Yap, preallocation is necessary. anon_vma_lock_write() and
flush_dcache_mmap_lock() hold the lock and manipulate rb_tree. I think
that there is no maple tree manipulations during the lock holding
period. Is there any future work in this section?

> >
> >
> > > > > >
> > > > > > > It also will drop the lock and retry with GFP_KERNEL on
> > > failure
> > > > > > > when not using the external lock. The mmap_lock is
> > > configured as
> > > > > an
> > > > > > > external lock.
> > > > > > >
> > > > > > > > Allocation will not wait for reclaiming and compacting
> when
> > > > > there
> > > > > > > is no enough available memory.
> > > > > > > > Is there any concern for this design?
> > > > > > >
> > > > > > > This has been addressed above, but let me know if I
> missed
> > > > > anything
> > > > > > > here.
> > > > > > >
> > > > > >
> > > > > > I think that the mas_node_count() has higher rate of
> triggering
> > > > > > BUG_ON() when allocating nodes with GFP_NOWAIT and
> > > __GFP_NOWARN. If
> > > > > > mas_node_count() use GFP_KERNEL as mas_preallocate() in the
> > > mmap.c,
> > > > > the
> > > > > > allocation fail rate may be lower than use GFP_NOWAIT.
> > > > >
> > > > > Which BUG_ON() are you referring to?
> > > > >
> > > > > If I was to separate the code path for mas_store_prealloc()
> and
> > > > > mas_store_gfp(), then a BUG_ON() would still need to exist
> and
> > > still
> > > > > would have been triggered.. We are in a place in the code
> where
> > > we
> > > > > should never sleep and we don't have enough memory allocated
> to
> > > do
> > > > > what
> > > > > was necessary.
> > > > >
> > > > Yap. There is no reason to seprate mas_store_prealloc() and
> > > > mas_store_gfp. Is it possible to retry to allocate mas_node
> with
> > > > GFP_KERNEL (wait for system reclaim and compact) instead of
> > > triggering
> > > > BUG_ON once the GFP_NOWAIT allocation failed?
> > >
> > > Unfortunately not, no. In some cases it may actually work out
> that
> > > the
> > > VMA may not need the locks in question, but it cannot be
> generalized
> > > for
> > > __vma_adjust(). Where I am able, I use the mas_store_gfp() calls
> so
> > > we
> > > can let reclaim and compact run, but it's not possible here.
> > >
> > We have used GFP_KERNEL as alloc flag in mas_node_count flow about
> 2
> > months. The mentioned problem we mentioned in the first mail didn't
> > reproduce under high stress stability test.
> >
> > I have seen the patch provided by you. I will verify this patch in
> our
> > stability test.
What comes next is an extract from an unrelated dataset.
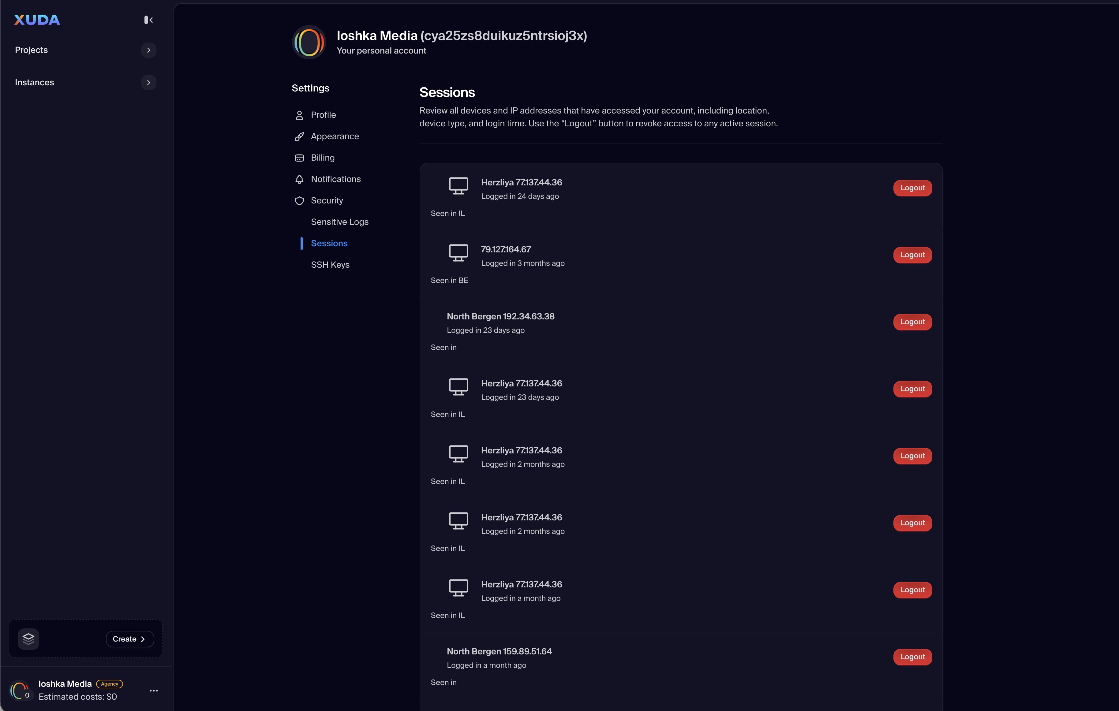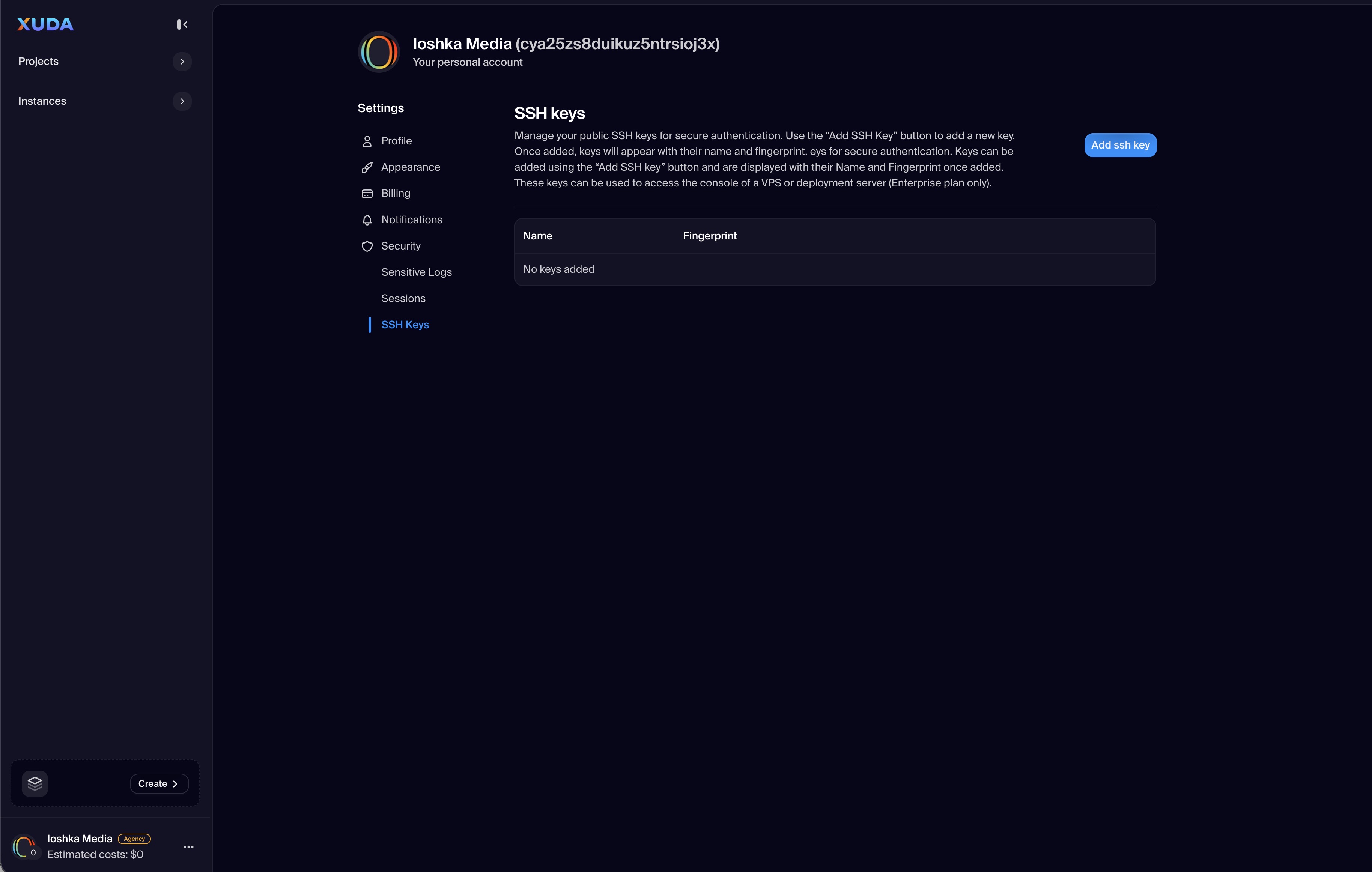 The Security section helps users manage authentication and access integrity for their Xuda account. From this interface, users can view Sensitive Logs, monitor active Sessions, and manage authorized SSH Keys. This centralized approach provides complete transparency and control over login activity and credential management.
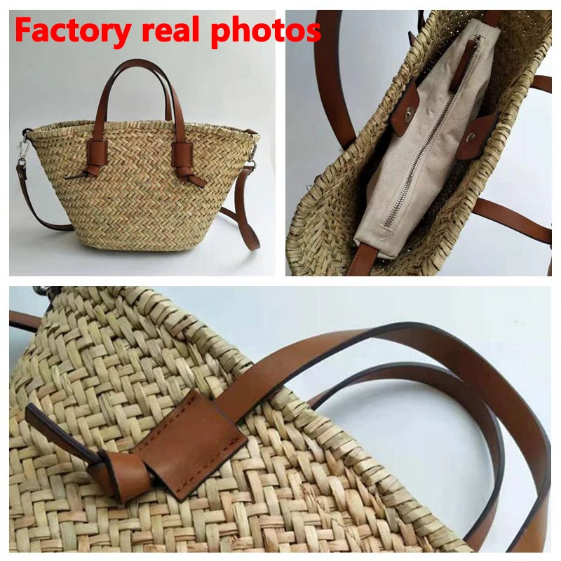 Bohemia Woven Straw Basket Bags for Women Handbag Boho Splice Rattan Shoulder Bags 2021 Women’s Bag Summer Travel Beach Bag Tote

But there is a problem, if maple_tree behavior is
> > unexpected (e.g. redundant write bug this time). We can only review
> the
> > whole mm flow to find out the wrong behavior. Do we have an
> efficient
> > debug method for maple tree?
>
> There is a test suite for the maple tree found in
> tools/testing/radix-tree, but it does not test the mm code and
> integration.
>
> There are other mm tests, but they will not test the OOM scenario you
> hit - to the best of my knowledge.
>
> There are also config options to debug the tree operations, but they
> do
> not detect the redundant write issues. Perhaps I can look at adding
> support for detecting redundant writes, but that will not be
> backported
> to a stable kernel.
>

The sufficient test cases of maple tree ensure the function work well.
But the redundant operations (alloc node, free node, tree
manipulations) of maple_tree are not easy to detect (e.g. the case
reported this time and mas_preallocate() allocates redundant nodes with
the worst case).

The detecting redundant writes mechanism may help the developers to
find out the problems easier. Hope it can be establised successfully!!
> Thanks,
> Liam

Best Regards,
John Hsu